Sounds like an excellent addition to the code, now that there is a
order-of-returns dependency.

With a suitable comment, Reviewed-by: Andrew Cooper
<andrew.cooper3@citrix.com>

_______________________________________________
Xen-devel mailing list
Xen-devel@lists.xenproject.org
https://lists.xenproject.org/mailman/listinfo/xen-devel
[Xen-devel] [PATCH 2/4] x86/IRQ: bail early from irq_guest_eoi_timer_fn() when nothing is in flight
Posted by Jan Beulich 4 years, 11 months ago
There's no point entering the loop in the function in this case.

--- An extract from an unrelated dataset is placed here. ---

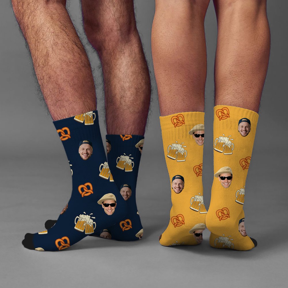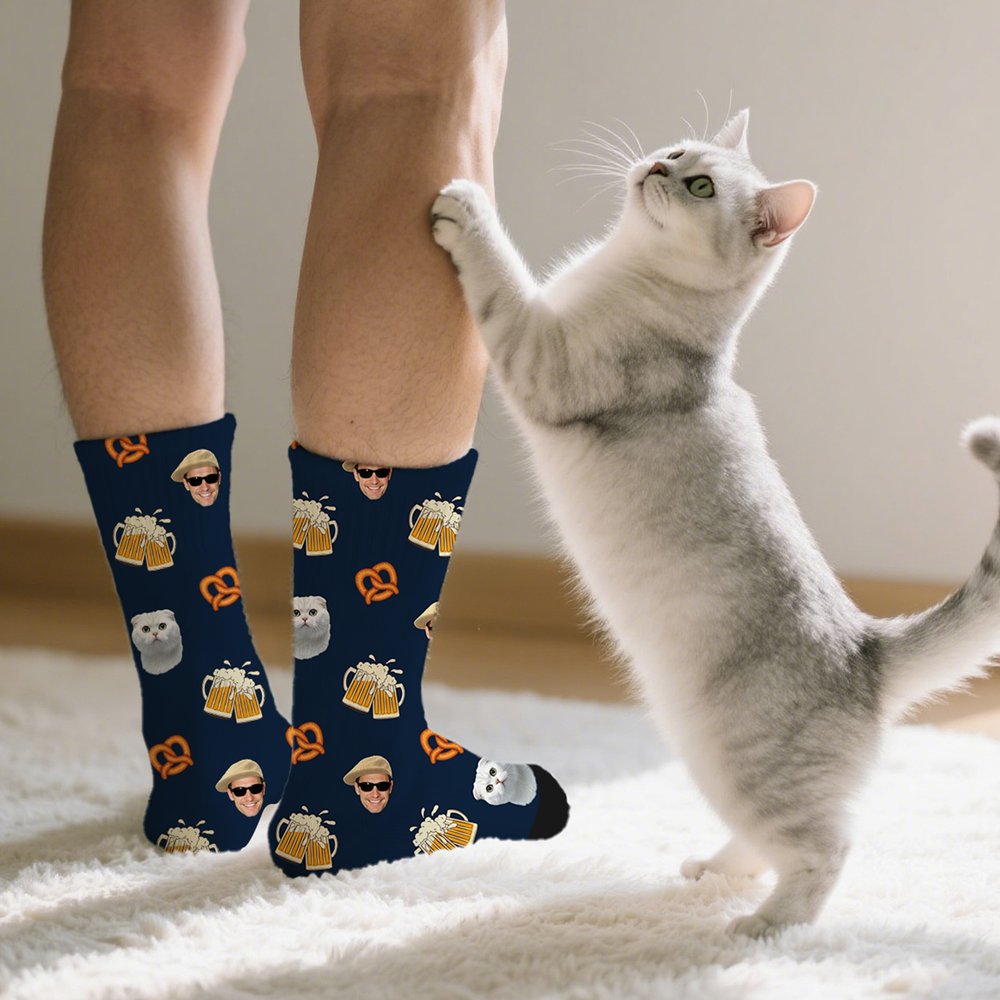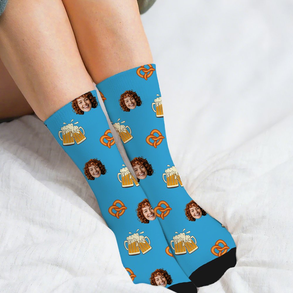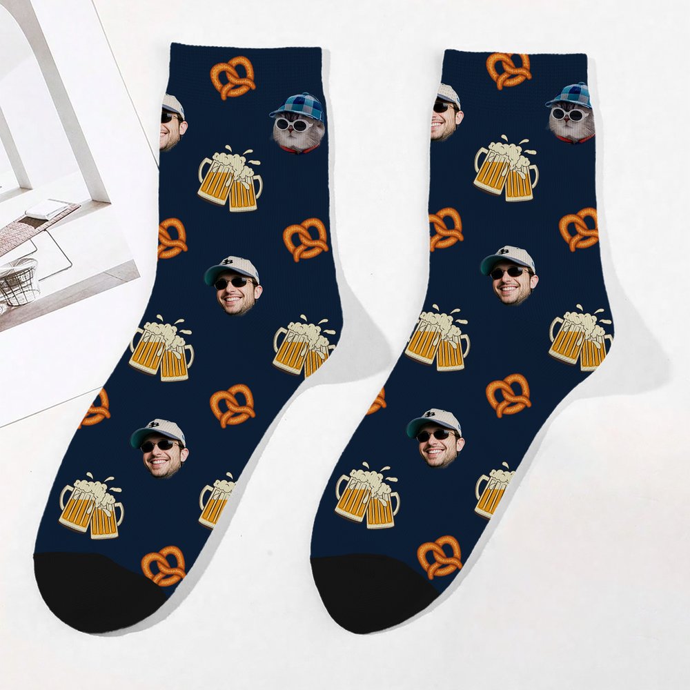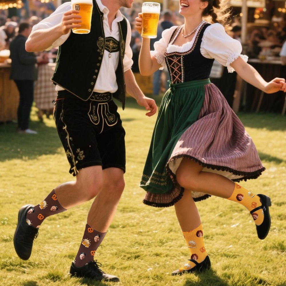 These socks are inspired by the iconic elements of European beer festivals, featuring playful pretzel and beer patterns that capture the lively spirit of celebration. Available in 6 vibrant colors with custom portrait prints, each pair becomes a personalized keepsake—every wear revives the clatter of beer steins and the buttery scent of pretzels.

Instead
there still being something in flight _after_ the loop would be an
actual problem: No timer would be running anymore for issuing the EOI
eventually, and hence this IRQ (and possibly lower priority ones) would
be blocked, perhaps indefinitely.

Issue a warning instead and prefer breaking some (presumably
misbehaving) guest over stalling perhaps the entire system.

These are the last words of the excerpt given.